■ **GIVEN MATERIAL**:
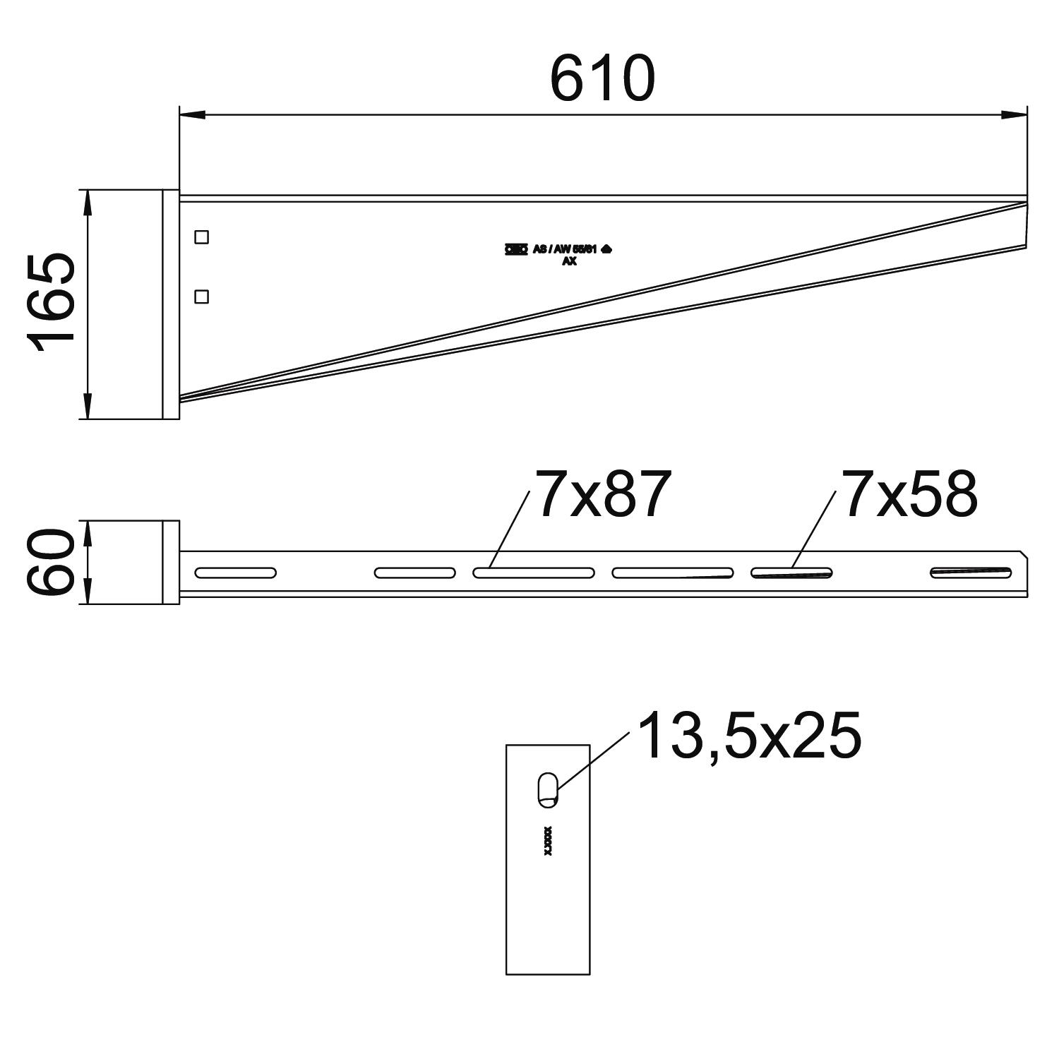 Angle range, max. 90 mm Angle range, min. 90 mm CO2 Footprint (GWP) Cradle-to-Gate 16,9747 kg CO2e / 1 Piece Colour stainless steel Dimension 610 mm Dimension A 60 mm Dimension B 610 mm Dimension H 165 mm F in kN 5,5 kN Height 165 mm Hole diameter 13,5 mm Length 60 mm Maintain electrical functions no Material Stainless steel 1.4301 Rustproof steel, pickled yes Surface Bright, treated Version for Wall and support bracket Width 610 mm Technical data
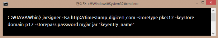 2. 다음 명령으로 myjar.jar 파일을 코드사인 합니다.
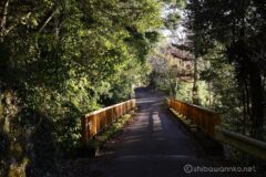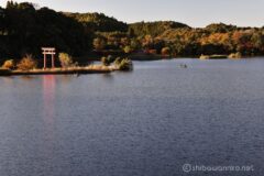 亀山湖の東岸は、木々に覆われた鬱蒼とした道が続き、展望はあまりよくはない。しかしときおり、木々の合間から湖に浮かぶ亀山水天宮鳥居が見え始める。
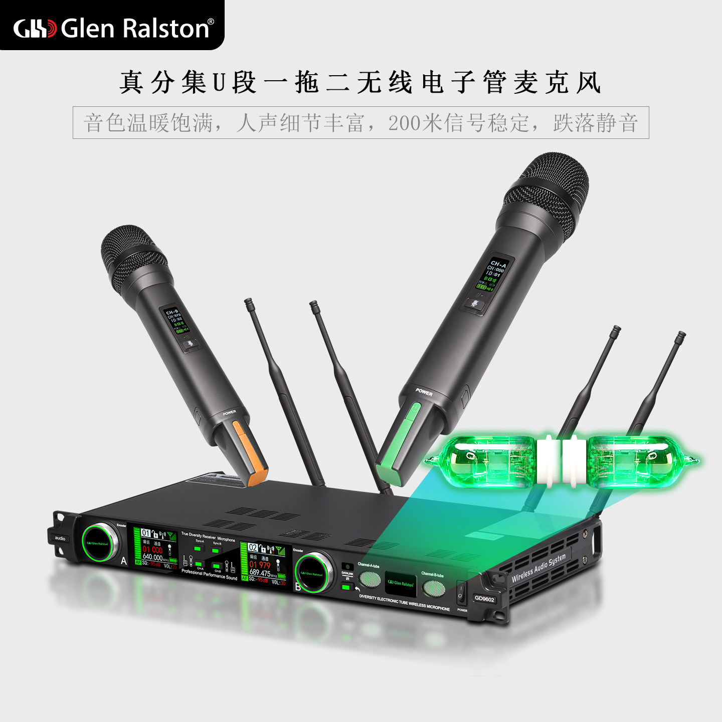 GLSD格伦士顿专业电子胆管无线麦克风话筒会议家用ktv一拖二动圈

■ **WORK TO COMPLETE**: From the first line to the last, reproduce the listing above exactly, leaving the pictures out.

■ **ANSWER TO THE EXERCISE**:
 Angle range, max. 90 mm Angle range, min. 90 mm CO2 Footprint (GWP) Cradle-to-Gate 16,9747 kg CO2e / 1 Piece Colour stainless steel Dimension 610 mm Dimension A 60 mm Dimension B 610 mm Dimension H 165 mm F in kN 5,5 kN Height 165 mm Hole diameter 13,5 mm Length 60 mm Maintain electrical functions no Material Stainless steel 1.4301 Rustproof steel, pickled yes Surface Bright, treated Version for Wall and support bracket Width 610 mm Technical data
 2. 다음 명령으로 myjar.jar 파일을 코드사인 합니다.
 亀山湖の東岸は、木々に覆われた鬱蒼とした道が続き、展望はあまりよくはない。しかしときおり、木々の合間から湖に浮かぶ亀山水天宮鳥居が見え始める。
 GLSD格伦士顿专业电子胆管无线麦克风话筒会议家用ktv一拖二动圈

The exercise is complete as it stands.